This handles one part of the scheduling problem (an autoscaler is unable to launch new capacity) but doesn't handle the case where an autoscaler launches new capacity, but its degraded in some way (e.g. node is ready, but all pods that schedule to the new node fail due to some other sort of issue affecting the topology domain). Has there been any thoughts on allowing overriding scheduling restrictions during gray failures?

When thinking on it, I was considering a CRD that a user could create to indicate to the scheduler/autoscaler/anyone else that a particular topology domain is now invalid and shouldn't count for topology spread purposes, and no pods should be scheduled to that domain. Autoscalers could read the same CRD and avoid attempting to scale up nodes in that domain as well.

There are a few other advantages to being able to imperatively indicate to multiple consumers that a topology domain is bad:

ellistarn commented 11 months ago

Replicaset Spread

That brings me to the controversial question: wouldn't it be better to solve this at Deployment/ReplicaSet/StatefulSet/etc level instead? Any such controller could target pod to specific zones (ex. by setting nodeSelector for different zones) and it could continuously reconcile the number of pods in each zone. This would also address the problem of timeout - we could fallback to a different zone after a relatively short timeout, knowing that we can always restore the spreading as soon as the capacity becomes available.

I quite like this line of thinking. To add to it (though you may be implying this already), it could continue to be part of the podtemplatespec, but would result in the replicaset controller applying additional corresponding nodeSelectors to the physical pods it creates.
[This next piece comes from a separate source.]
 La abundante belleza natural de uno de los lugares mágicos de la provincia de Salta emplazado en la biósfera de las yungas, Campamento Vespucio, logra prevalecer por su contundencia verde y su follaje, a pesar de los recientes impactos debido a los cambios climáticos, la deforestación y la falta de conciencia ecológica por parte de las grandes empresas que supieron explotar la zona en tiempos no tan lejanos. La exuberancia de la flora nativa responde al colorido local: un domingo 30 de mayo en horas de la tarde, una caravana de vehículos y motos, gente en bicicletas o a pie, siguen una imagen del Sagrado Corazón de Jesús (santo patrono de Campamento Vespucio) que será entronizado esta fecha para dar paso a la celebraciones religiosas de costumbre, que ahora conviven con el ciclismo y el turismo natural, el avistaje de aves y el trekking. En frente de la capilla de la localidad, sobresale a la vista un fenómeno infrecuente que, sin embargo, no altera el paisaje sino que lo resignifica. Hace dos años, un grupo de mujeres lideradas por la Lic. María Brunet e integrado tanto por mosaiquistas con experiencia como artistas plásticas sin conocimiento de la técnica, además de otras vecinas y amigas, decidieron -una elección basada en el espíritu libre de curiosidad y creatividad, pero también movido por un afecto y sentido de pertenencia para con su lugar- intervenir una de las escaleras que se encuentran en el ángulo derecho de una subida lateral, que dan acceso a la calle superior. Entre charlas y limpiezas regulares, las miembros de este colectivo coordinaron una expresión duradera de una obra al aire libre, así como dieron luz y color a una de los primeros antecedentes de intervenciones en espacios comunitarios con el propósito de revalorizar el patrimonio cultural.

You could even re-use the topology spread constraints API surface, and just shift the spread responsibilities to replicaset, instead of scheduler.

To be explicit:

  1. user creates a deployment, w/ topologyspreadconstraints in the podtemplatespec
  2. deployment creates a replicaset w/ the full podtemplatespec
  3. replicaset controller applies additional nodeSelectors to each pod, in an effort to enforce spread
  4. replicaset controller could continually reconcile pods to maintain a balance
  5. kube-scheduler (and autoscalers) simply don't need to think about topologyspreadconstraints

Scheduler / Autoscaler coordination

An alternative would be some sort of communication mechanism between Autoscaler and Scheduler,

I've often wished that the scheduler and autoscaler were the same component, as it unlocks the ability to make and enforce decisions in the same component, avoiding race conditions like the this KEP attempts to address. Of course, there are ways to communicate these decisions between systems, but communication protocols are hard (Kube API Server objects, or otherwise). This is most likely a dead end, given where Kubernetes is today, but given that @MaciekPytel is opening up controversial questions, I figure I might throw this one into the ring ;)

Topology API Object

When thinking on it, I was considering a CRD that a user could create to indicate to the scheduler that a particular topology domain is now invalid and shouldn't count for topology spread purposes, and no pods should be scheduled to that domain. Autoscalers could read the same CRD and avoid attempting to scale up nodes in that domain as well.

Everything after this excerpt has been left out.